Investigators have found a diary they believe belongs to the suspect in the attack on three police officers outside Times Square on New Year’s Eve. It ends with a last will and testament.
According to multiple law enforcement sources, the last entry, dated December 31, begins with, “This will likely be my last entry,” and goes on to leave instructions on how to divide the author’s belongings among his family and instructions for his burial, according to sources familiar with the diary’s contents.
Bickford, the 19-year-old being held by New York City police as a suspect in the machete attack against the officers, was already on the FBI’s terrorist watch list. He was interviewed by agents in Maine in mid-December after he said he wanted to travel overseas to help fellow Muslims. He indicated that he was willing to die for his religion, according to multiple law enforcement sources.
Bickford’s mother and grandmother, distraught because he repeatedly expressed his desire to travel to Afghanistan to join the Taliban, reported this to the Wells, Maine, police department out of concern for him on December 10, the sources said.
When the FBI opened its wider investigation, they placed him on a terrorist watch list, according to sources. Because the Taliban is not designated a foreign terrorist entity, planning to travel to Afghanistan to join the group does not constitute the federal crime of “attempted material support of a terrorist group.”

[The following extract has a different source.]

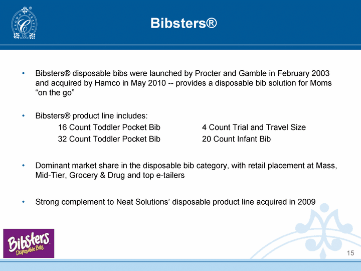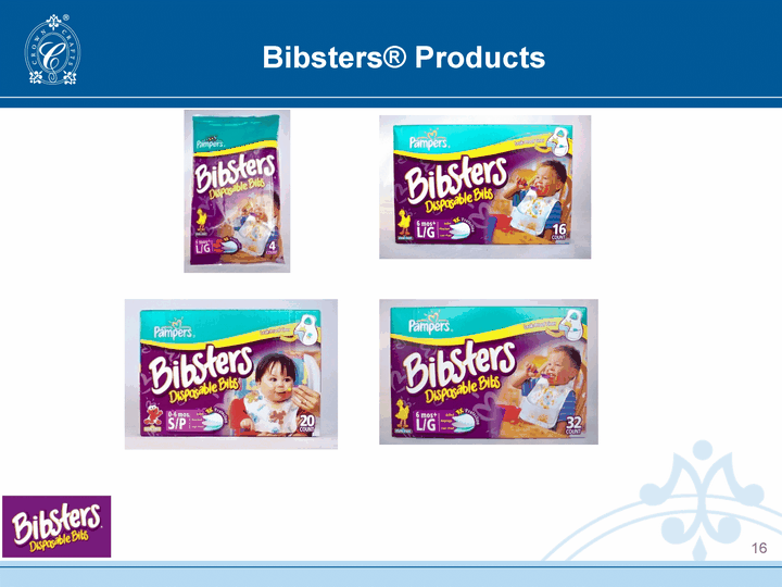 | Bibsters(r) Bibsters(r) disposable bibs were launched by Procter and Gamble in February 2003 and acquired by Hamco in May 2010 -- provides a disposable bib solution for Moms "on the go" Bibsters(r) product line includes: 16 Count Toddler Pocket Bib 4 Count Trial and Travel Size 32 Count Toddler Pocket Bib 20 Count Infant Bib Dominant market share in the disposable bib category, with retail placement at Mass, Mid-Tier, Grocery & Drug and top e-tailers Strong complement to Neat Solutions' disposable product line acquired in 2009 15 |

Multiple law enforcement sources told CNN that Bickford traveled to New York via Amtrak, so once again he escaped any possible scrutiny as those travels would not have tripped any watch list databases.
His original destination was Miami, the sources said, but he stopped in New York and checked in at the Grand Hotel near the Bowery in Manhattan on December 29. He checked out on New Year’s Eve with all his luggage before allegedly conducting the Times Square machete attack, the sources said.
Just after 10 p.m. he went to the Times Square checkpoint at West 52nd Street and 8th Avenue where officers would check bags for weapons or suspicious items, NYPD Police Commissioner Keechant Sewell and police said.
Bickford pulled out a machete, striking one officer with the blade and another officer in the head with the handle before swinging the blade at a third officer, who then shot him in the shoulder, according to the sources and the NYPD.
The diary expressed his desire to join the Taliban and was found in a bag he discarded before carrying out the attack, according to sources.
Bickford remains in custody and under police guard at Bellevue Hospital, where he is being treated for a gunshot wound to the shoulder sustained during the attack, sources said.
The three officers – injured at one of New York’s most high-profile events just a day after their department had warned of an “ISIS-Aligned” video calling for “Lone Offender Attacks” – have all been treated and released, according to the New York Police Department.
On Sunday, federal authorities from the United States Attorney’s Office for the Southern District of New York, and the Manhattan District Attorney’s Office were discussing whether to charge Bickford federally or under state law or both in relation to the attack, the sources said.